One of the more interesting stories of any sports year is the ascension of players from the rank-and-file to stardom. Whether they are top prospects who finally tap into their vast potential or a fringe player making a major leap, these developments are always enjoyable to follow. Arizona sports saw a number of such players, but there was one clear-cut winner in this category.

The Winner: Ian Kennedy, Arizona Diamondbacks

Kennedy was the prized piece that the Diamondbacks acquired in the December 2009 three-team trade involving the New York Yankees and Detroit Tigers. He was perennially listed as one of the Yankees' top prospects, but only managed one win over three seasons of scant major league service time from 2007 through 2009.

His debut season in Arizona was promising, as he made 32 starts and posted a solid 3.80 ERA and WHIP of 1.20. At age 26 and with four generally underwhleming seasons under his belt, Kennedy seemed destined for a nice career as a No. 2 or 3 starter.

Then came the magical 2011 season.

Kennedy got the nod as the team's Opening Day starter, but after three starts he had a 1-1 record and a bloated 6.88 ERA after getting shelled by St. Louis on April 13th.

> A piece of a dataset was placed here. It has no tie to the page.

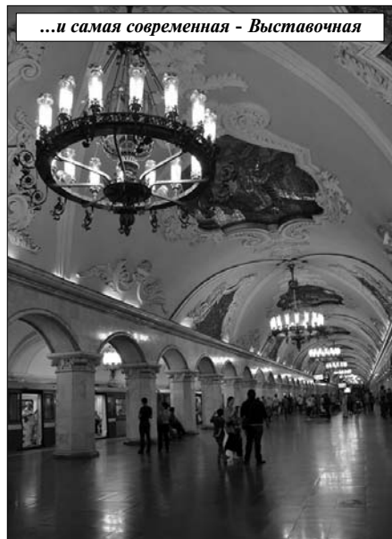
...и самая современная - Выставочная

However, his season--and career--turned around two starts later, when he pitched a masterful complete game shutout win over the Phillies in which he struck out 10. By the Fourth of July, Kennedy was in the midst of a great season, as his 8-3 record and 3.38 ERA was helping to lead the surprising Diamondbacks, who refused to relent in the NL West division race.

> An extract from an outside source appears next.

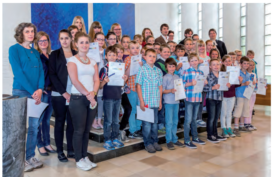
Die stolzen KU3-Kids mit ihren Urkunden.

Over the season's final three months, Kennedy's status as a legitimate ace was secured. From July 8th through the end of the season, Kennedy was dominate, posting a 13-1 record during that span and lowering his ERA to 2.88 thanks to 11 starts of two earned runs or less.

His impressive finish resulted in a fourth place finish in the National League Cy Young Award voting, and his .840 winning percentage was a team record.

For the first time since the Randy Johnson and Curt Shilling days, the Diamondbacks have an ace in the fold.